Een kenmerk van de organisatie van kleine groepen isde leider markeren. Dit is lid van de vereniging, die een sterke invloed heeft op haar activiteiten. Hij wordt onder andere gerespecteerd vanwege zijn persoonlijke kwaliteiten en speelt een belangrijke rol in het managen van de groep. De activiteiten van een leider strekken zich uit tot zowel interne als externe communicatie. Het zorgt voor de betrokkenheid van teamleden bij gezamenlijke activiteiten en oefent controle uit over de besluitvorming. Er is een classificatie van kleine groepen op basis van het niveau van interventie van de leider in de activiteiten van de vereniging en de mate van betrokkenheid van elk lid bij het gemeenschapsbeheerproces. Bij de meest succesvolle organisaties (zowel contact als formeel) blijft er een evenwicht tussen beide uitersten.
De voorwaardelijke classificatie van kleine groepen, die uitgaat van de betrokkenheid van leden van de vereniging bij het beheer ervan, omvat drie posities in de onderstaande tabel.
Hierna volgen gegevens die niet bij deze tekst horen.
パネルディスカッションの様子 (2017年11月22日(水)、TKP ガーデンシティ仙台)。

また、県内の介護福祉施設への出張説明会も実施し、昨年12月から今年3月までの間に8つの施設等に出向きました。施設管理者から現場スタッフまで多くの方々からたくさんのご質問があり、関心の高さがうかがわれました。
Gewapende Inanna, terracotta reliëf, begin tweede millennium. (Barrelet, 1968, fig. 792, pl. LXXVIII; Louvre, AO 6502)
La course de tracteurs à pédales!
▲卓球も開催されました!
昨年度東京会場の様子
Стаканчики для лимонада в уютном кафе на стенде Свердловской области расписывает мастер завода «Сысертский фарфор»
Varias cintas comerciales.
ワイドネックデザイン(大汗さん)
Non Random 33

naam | Aard van de relatie | Management proces |
Autoritair | Ondersteboven | Beslissingen worden genomen door de leider, verbeterde controle. |
Democratisch | Horizontalness, Equality | Een collectieve discussie waar iedereen zijn mening kan geven. |
Liberaal | Beneden omhoog | Het initiatief ligt in handen van de geregeerden. |
Er is ook een theorie van X en Y.In het eerste geval vermijdt een persoon aanvankelijk werk en wordt hij liever geleid. Theorie Y suggereert dat het individu een hoog niveau van zelfbeheersing heeft en toegewijd is aan verantwoordelijkheid. Dienovereenkomstig zijn hier twee verschillende controlemethoden van toepassing.
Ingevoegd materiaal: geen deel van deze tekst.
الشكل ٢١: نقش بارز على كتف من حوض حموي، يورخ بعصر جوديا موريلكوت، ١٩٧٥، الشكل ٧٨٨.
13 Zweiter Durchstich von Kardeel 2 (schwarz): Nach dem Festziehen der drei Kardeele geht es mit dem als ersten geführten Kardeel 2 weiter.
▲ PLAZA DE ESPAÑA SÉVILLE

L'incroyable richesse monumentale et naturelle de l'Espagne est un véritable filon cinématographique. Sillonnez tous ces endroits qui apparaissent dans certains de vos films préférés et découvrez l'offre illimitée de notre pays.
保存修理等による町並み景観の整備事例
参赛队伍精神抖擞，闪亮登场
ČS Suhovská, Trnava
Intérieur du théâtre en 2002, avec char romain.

De normen die in de associatie-invloed zijn aangenomenover de levensstijl van haar individuele lid. Iedereen kent het experiment dat met een groep kinderen is uitgevoerd, waarbij eerder overeengekomen deelnemers de vraag onjuist hadden beantwoord en het laatste onderwerp de woorden van hun leeftijdsgenoten herhaalde. Dit fenomeen wordt conformisme genoemd. De mening van de meeste leden van een kleine groep oefent psychologische druk uit op een individu. Het tegenovergestelde van dit fenomeen kan dienen als onafhankelijkheid, dat wil zeggen de onafhankelijkheid van de menselijke houding ten opzichte van de mening van de omgeving.
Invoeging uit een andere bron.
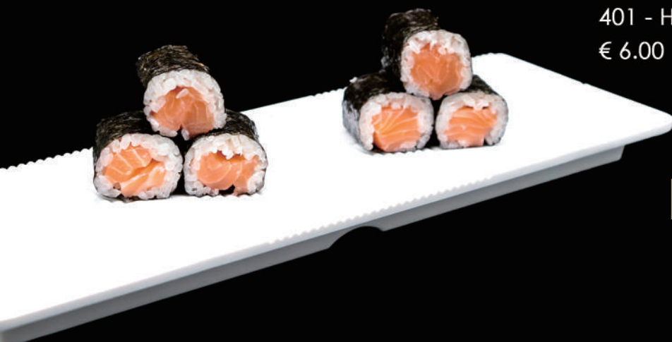
401 - HOSO SAKE € 6.00 allergeni: 4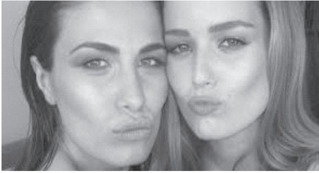
Однотипная гримаса в форме преднамеренного хоботкового (призывного) выпячивания губ («уточка»)

девиация, при которой половое влечение испытывается к самому себе. Может рассматриваться как разновидность фетишизма. Как известно, название произошло от героя греческой мифологии Нарцисса, который, согласно легенде, увидев в воде своё отражение, был им очарован и, не в силах оторваться от созерцания своей красоты, умер от любви к самому себе.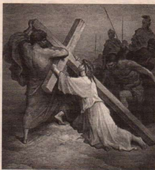
валось не много времени" (свт. Иннокентий Херсонский).

"Тело Иисуса немедленно было снято со Креста. И Господь снова вступил в мирный круг дружества и любви, из коего исторгла Его рука предателя. У Иосифа близ Голгофы был сад, в коем находились каменные скалы. В одной из них иссечена была пещера для погребения. Никто еще не был погребен в сей пещере, и Иосиф предназначал оную для себя и своего семейства (Ин. 19, 41). Посему пречистое тело Господа немедленно перенесено было в сад Иосифов. По обычаю, умастив тело Спасителя благовониями, обвили плещаницей и погребли, поелику до субботнего вечера оста-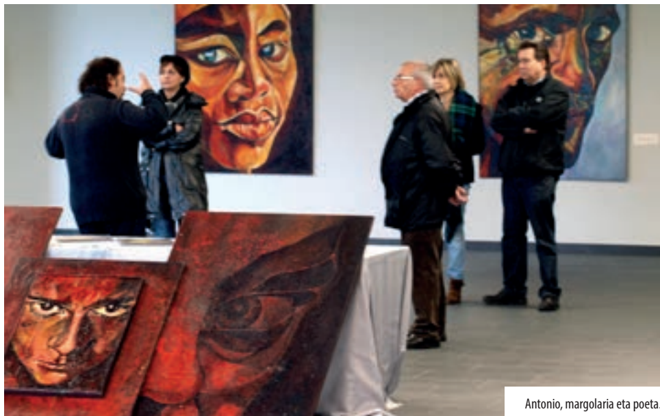
Antonio, margolaria eta poeta.

Derio buru-belarri giza eskubideak aldarrikatzen

Bovendien is de classificatie van kleine groepen met betrekking tot de rol die het voor een individu speelt belangrijk. Hoe hoger de referentialiteit van de associatie, hoe meer conformisme zich manifesteert.
Elk team doorloopt verschillende fasenontwikkeling. Psychologen G. Stanford en A. Roark ontwikkelden een theorie die 7 stadia van de vorming van een sociale groep omvat. De studie is gebaseerd op een tweefactormodel van collectieve ontwikkeling, waarbij er tegenstellingen zijn tussen zakelijke en emotionele activiteit.
Er kunnen leden van de vereniging worden toegewezenbepaalde gedragingen die verband houden met het oplossen van problemen of communicatie met andere deelnemers. Rollen komen zowel in het bedrijfsleven als in de emotionele activiteit van de groep tot uiting. Tijdens het oplossen van problemen biedt de 'initiatiefnemer' bijvoorbeeld nieuwe ideeën aan, en de 'criticus' evalueert het werk van de hele groep en vindt de zwakke punten. Rollen komen ook tot uiting in de sfeer van interpersoonlijke relaties van het collectief. Zo ondersteunt het meesterbrein actief de ideeën van andere leden, en de bemiddelaar weigert zijn mening en lost conflictsituaties op.